- _BRIEF_
Repeat the listing below line by line, exactly, leaving its pictures behind.

- _RAW DATA_
◆ ◆ ◆ ◆ ◆

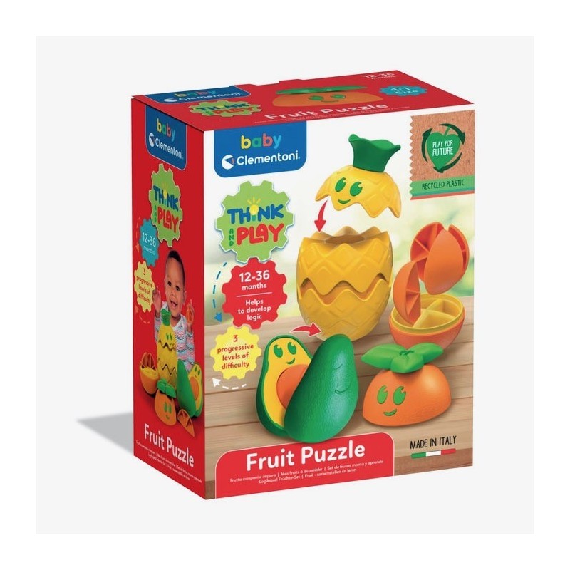 Edad recomendada: +12 meses. ¡Tres coloridas frutas de plástico reciclado para nutrir la mente y estimular la lógica de los más pequeños! Un diseño refinado y Made in Italy para un juguete de calidad y ecosostenible. Componer las frutas estimula la lógica con diferentes tipos de juegos de dificultad creciente, para acompañar a los niños en su crecimiento y favorecer el desarrollo de sus habilidades. El aguacate se abre y esconde una bola que se puede quitar y volver a poner. La piña está formada por elementos que se pueden apilar. La naranja se abre y esconde 4 rodajas para sacar y poner. Cada fruta permite realizar diferentes ejercicios manuales y experiencias sensoriales gracias a las texturas.
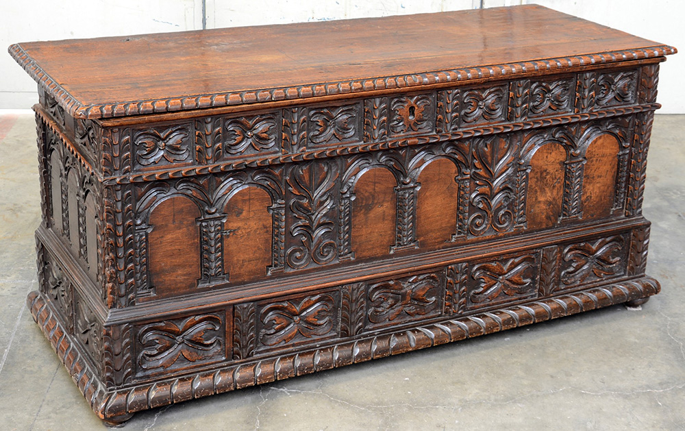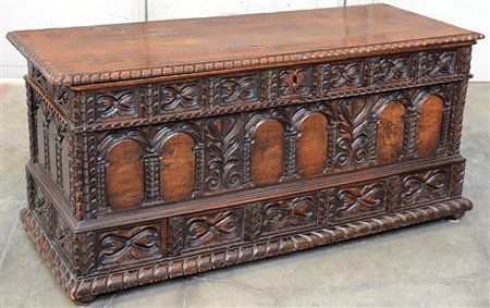 Antica cassapanca spagnola in noce con fronte e fianchi riccamente intagliati a motivi vegetali, fiori, volute e archi (cm 138x65x55)
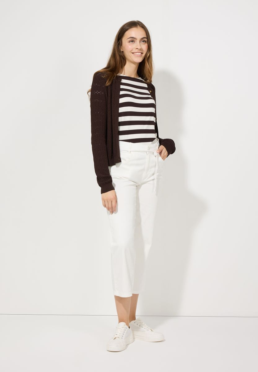 Ein absoluter "Evergreen" von MORE & MORE ist das zweifarbige Ringelshirt mit 3/4 langen Ärmeln und U-Boot Ausschnitt. Es funktioniert 24/7, egal ob zum seriösen Businessanzug, zur verwaschenen Jeans oder zur lässigen Cargohose, sogar zum einfarbigen Maxirock sieht das T-Shirt super aus.
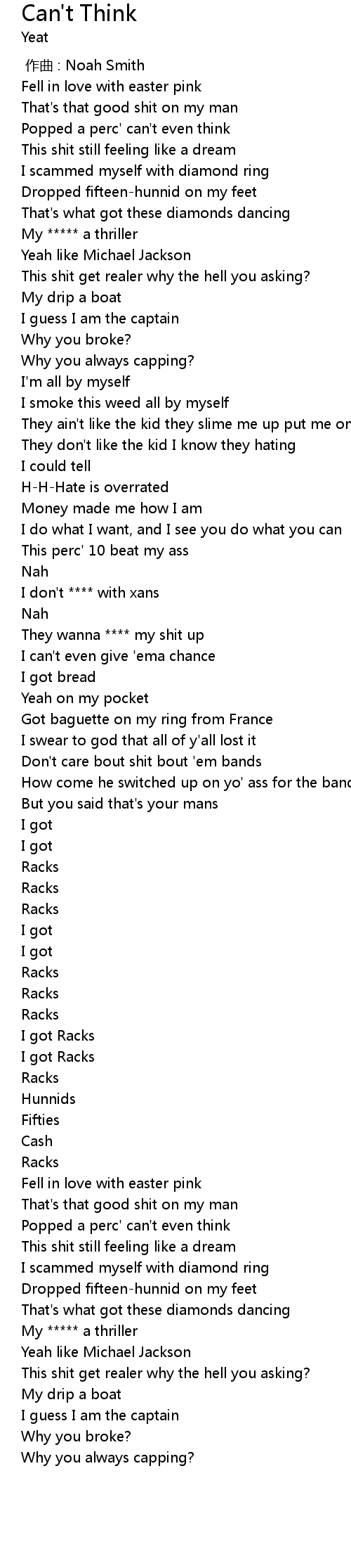| 歌曲 | Can't Think |

◆ ◆ ◆ ◆ ◆

- _WRITTEN RESPONSE_
 Edad recomendada: +12 meses. ¡Tres coloridas frutas de plástico reciclado para nutrir la mente y estimular la lógica de los más pequeños! Un diseño refinado y Made in Italy para un juguete de calidad y ecosostenible. Componer las frutas estimula la lógica con diferentes tipos de juegos de dificultad creciente, para acompañar a los niños en su crecimiento y favorecer el desarrollo de sus habilidades. El aguacate se abre y esconde una bola que se puede quitar y volver a poner. La piña está formada por elementos que se pueden apilar. La naranja se abre y esconde 4 rodajas para sacar y poner. Cada fruta permite realizar diferentes ejercicios manuales y experiencias sensoriales gracias a las texturas.
 Antica cassapanca spagnola in noce con fronte e fianchi riccamente intagliati a motivi vegetali, fiori, volute e archi (cm 138x65x55)
 Ein absoluter "Evergreen" von MORE & MORE ist das zweifarbige Ringelshirt mit 3/4 langen Ärmeln und U-Boot Ausschnitt. Es funktioniert 24/7, egal ob zum seriösen Businessanzug, zur verwaschenen Jeans oder zur lässigen Cargohose, sogar zum einfarbigen Maxirock sieht das T-Shirt super aus.
| 歌曲 | Can't Think |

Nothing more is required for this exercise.